[Start of section]
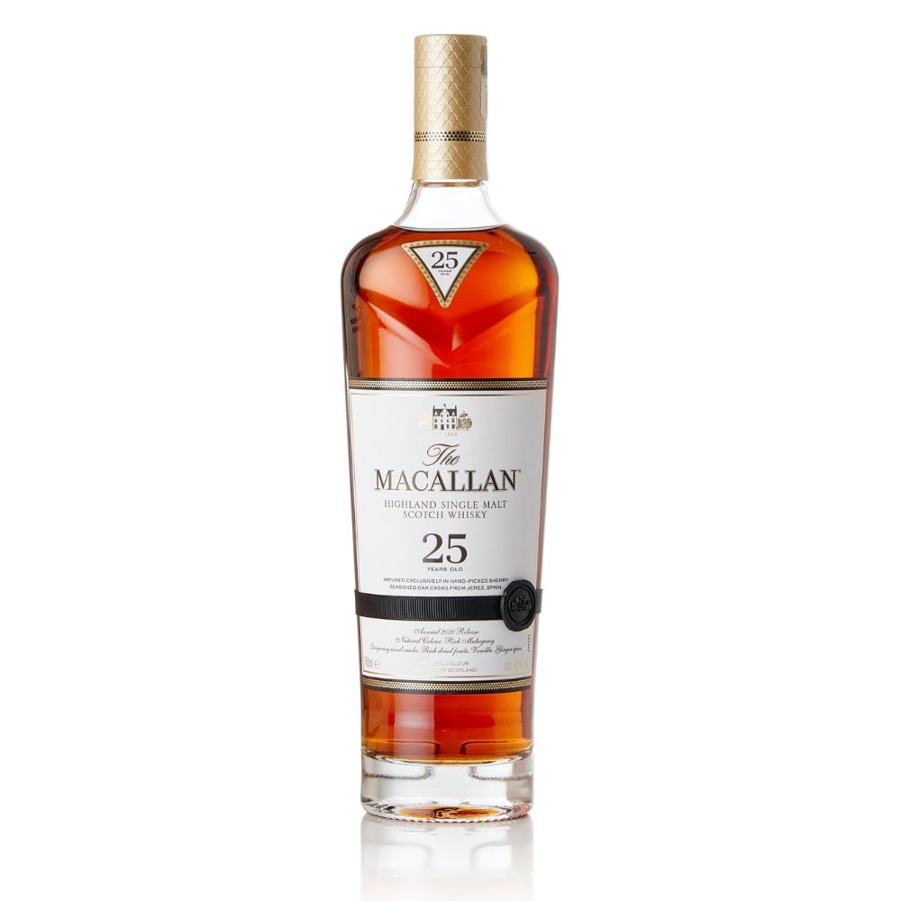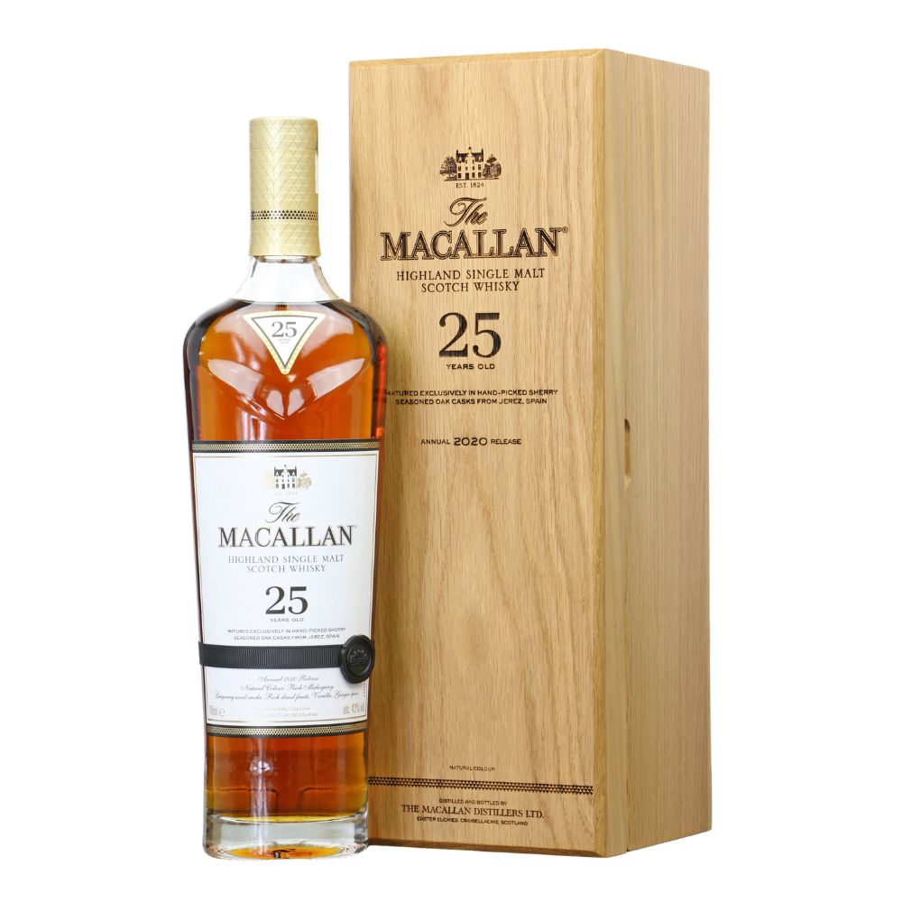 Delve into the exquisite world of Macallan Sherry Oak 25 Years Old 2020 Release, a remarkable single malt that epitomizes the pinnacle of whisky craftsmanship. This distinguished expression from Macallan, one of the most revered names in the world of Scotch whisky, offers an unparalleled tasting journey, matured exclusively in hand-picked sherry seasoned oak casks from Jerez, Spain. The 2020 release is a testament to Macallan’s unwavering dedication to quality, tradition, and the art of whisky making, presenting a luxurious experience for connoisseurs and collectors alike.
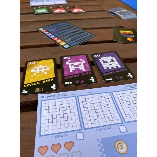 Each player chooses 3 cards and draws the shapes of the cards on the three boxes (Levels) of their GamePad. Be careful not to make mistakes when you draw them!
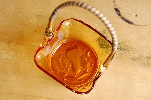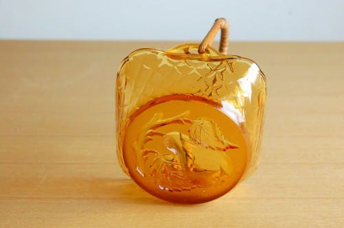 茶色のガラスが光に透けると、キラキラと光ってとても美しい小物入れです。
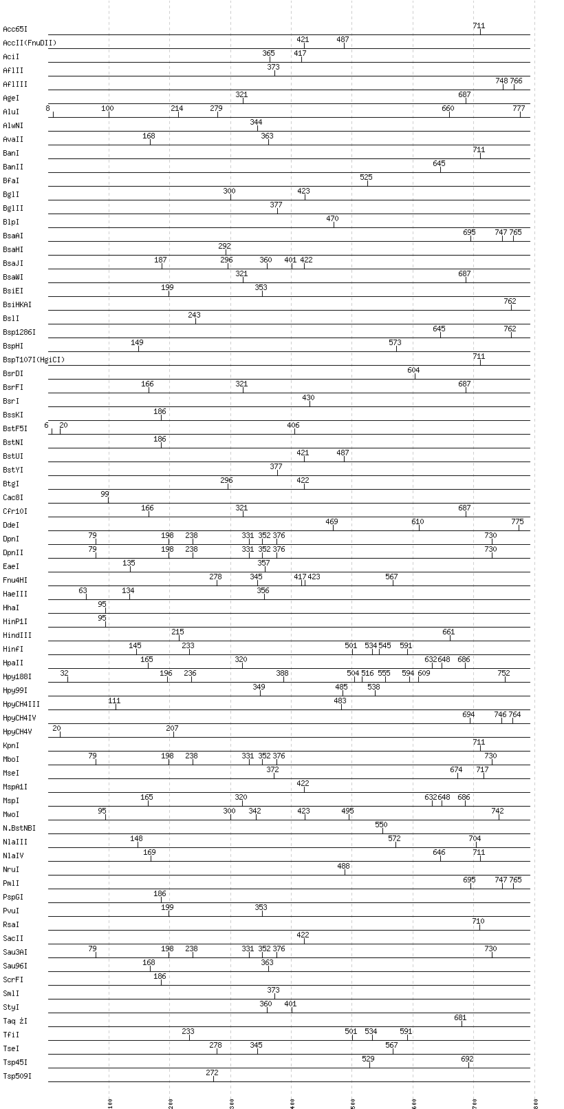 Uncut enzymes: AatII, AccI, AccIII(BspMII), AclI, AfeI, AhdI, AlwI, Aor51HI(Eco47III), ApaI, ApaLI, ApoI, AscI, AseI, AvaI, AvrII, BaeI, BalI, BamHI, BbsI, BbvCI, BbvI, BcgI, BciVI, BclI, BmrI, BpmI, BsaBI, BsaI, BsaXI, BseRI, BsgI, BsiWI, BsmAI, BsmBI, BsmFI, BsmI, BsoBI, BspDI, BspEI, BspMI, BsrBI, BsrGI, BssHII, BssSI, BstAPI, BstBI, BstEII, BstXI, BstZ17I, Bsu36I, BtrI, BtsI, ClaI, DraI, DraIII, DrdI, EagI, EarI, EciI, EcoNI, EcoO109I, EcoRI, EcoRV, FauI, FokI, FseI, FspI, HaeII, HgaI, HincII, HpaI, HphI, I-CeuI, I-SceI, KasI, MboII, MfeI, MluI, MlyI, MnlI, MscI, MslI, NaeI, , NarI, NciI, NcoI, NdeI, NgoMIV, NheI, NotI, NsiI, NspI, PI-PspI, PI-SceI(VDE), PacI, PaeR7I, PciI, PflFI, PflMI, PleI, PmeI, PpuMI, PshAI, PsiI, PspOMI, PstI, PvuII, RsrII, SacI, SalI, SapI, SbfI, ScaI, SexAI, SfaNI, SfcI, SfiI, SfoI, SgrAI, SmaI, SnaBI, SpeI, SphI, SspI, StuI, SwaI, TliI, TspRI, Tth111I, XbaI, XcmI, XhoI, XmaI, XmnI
[End of section]
TASK BRIEF >> All of the material is to be reproduced verbatim, pictures excluded.

SOLUTION >>
 Delve into the exquisite world of Macallan Sherry Oak 25 Years Old 2020 Release, a remarkable single malt that epitomizes the pinnacle of whisky craftsmanship. This distinguished expression from Macallan, one of the most revered names in the world of Scotch whisky, offers an unparalleled tasting journey, matured exclusively in hand-picked sherry seasoned oak casks from Jerez, Spain. The 2020 release is a testament to Macallan’s unwavering dedication to quality, tradition, and the art of whisky making, presenting a luxurious experience for connoisseurs and collectors alike.
 Each player chooses 3 cards and draws the shapes of the cards on the three boxes (Levels) of their GamePad. Be careful not to make mistakes when you draw them!
 茶色のガラスが光に透けると、キラキラと光ってとても美しい小物入れです。
 Uncut enzymes: AatII, AccI, AccIII(BspMII), AclI, AfeI, AhdI, AlwI, Aor51HI(Eco47III), ApaI, ApaLI, ApoI, AscI, AseI, AvaI, AvrII, BaeI, BalI, BamHI, BbsI, BbvCI, BbvI, BcgI, BciVI, BclI, BmrI, BpmI, BsaBI, BsaI, BsaXI, BseRI, BsgI, BsiWI, BsmAI, BsmBI, BsmFI, BsmI, BsoBI, BspDI, BspEI, BspMI, BsrBI, BsrGI, BssHII, BssSI, BstAPI, BstBI, BstEII, BstXI, BstZ17I, Bsu36I, BtrI, BtsI, ClaI, DraI, DraIII, DrdI, EagI, EarI, EciI, EcoNI, EcoO109I, EcoRI, EcoRV, FauI, FokI, FseI, FspI, HaeII, HgaI, HincII, HpaI, HphI, I-CeuI, I-SceI, KasI, MboII, MfeI, MluI, MlyI, MnlI, MscI, MslI, NaeI, , NarI, NciI, NcoI, NdeI, NgoMIV, NheI, NotI, NsiI, NspI, PI-PspI, PI-SceI(VDE), PacI, PaeR7I, PciI, PflFI, PflMI, PleI, PmeI, PpuMI, PshAI, PsiI, PspOMI, PstI, PvuII, RsrII, SacI, SalI, SapI, SbfI, ScaI, SexAI, SfaNI, SfcI, SfiI, SfoI, SgrAI, SmaI, SnaBI, SpeI, SphI, SspI, StuI, SwaI, TliI, TspRI, Tth111I, XbaI, XcmI, XhoI, XmaI, XmnI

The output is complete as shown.